Спина его горбится. На шее вздуваются жилы. Из дыр вылинявшей истлевшей шапки торчат спутанные волосы, спереди они падают на липкий лоб. В прищуренных глазах отчаяние, а впереди каменная белизна шоссе с его верстовыми столбами, за которые он силится сделать еще и еще шаг. Сын. Ради него должен он до конца изведать всю немилосердность судьбы. Подкашиваются ноги. Хрипло дышит грудь. Еще один шаг — один день... А маленькие ручонки сына, обессилев, выпускают край отцовой свитки. Побелевшие, сухие губы еле шепчут:
— Папка, пить хочется, пить... Где мама наша?
А он идет.
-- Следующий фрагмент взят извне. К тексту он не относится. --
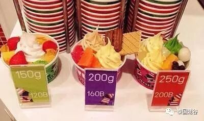 在Siam Paragon G层,这是泰国首家称斤卖的优格冰激凌店。100克卖80铢,由于店面小,每次只放10人进去,其余人在外等候,有8种不同口味供选择。

Он хочет ступить еще один шаг, пройти еще один верстовой столб.
Потом голос сына умолкает, а ручка падает вниз и болтается, как оторванный рукав.
Тельце сделалось тяжелым, чужим.
Он останавливается и смотрит на сына. Глаза закрыты неплотно сомкнутыми веками, на лицо серым молчанием шоссе легла смерть.
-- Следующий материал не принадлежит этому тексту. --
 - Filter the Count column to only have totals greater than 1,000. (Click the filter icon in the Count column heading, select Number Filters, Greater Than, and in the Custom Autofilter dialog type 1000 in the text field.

Тогда поднял он голову, глянул в налитое солнцем небо, и из груди хриплым вздохом вырвалось:
— Г-господи!
Ноги его подогнулись, он тихо опустил свою ношу, зная, что теперь еще тяжелей станет ноша жизни.
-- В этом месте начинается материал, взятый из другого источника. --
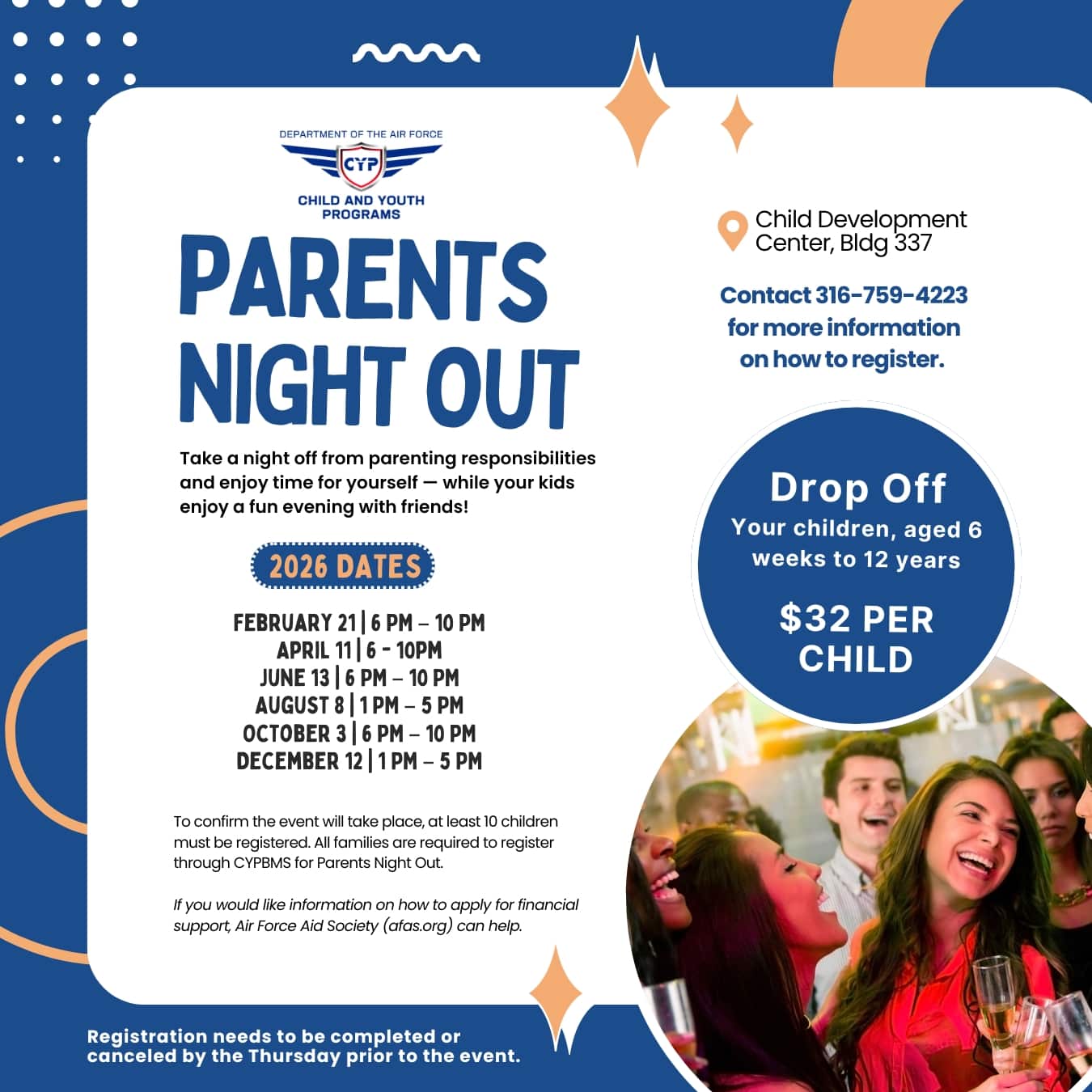 All families must register in CYPBMS for Parents Night Out.

Еще один крест стал на свежей безмолвной могиле.
Небо наливается расплавленным солнцем, плавится от жары. Шоссе въедается в далекую синь дымки. По обе стороны выжженная душным воздухом, ржавая, сухая трава. Он идет и идет.
— Г-господи!
Некуда больше идти ему, но заведенная пружина бытия хочет раскрутиться до конца, чтобы измерить силу человеческих надежд и отчаяния. В ушах глухой звон. Вокруг зной и жажда, а перед ним — далекая, суровая и тернистая Дорога, как суровая и тернистая жизнь человека.
У КОСТРА
Я еду по узкой дороге среди хлебов. Глубоко врезаются колеи в бархатистую межу-дорогу. Иногда попадаются ямы, переезжая через них, я качаюсь в своей телеге, как в зыбке.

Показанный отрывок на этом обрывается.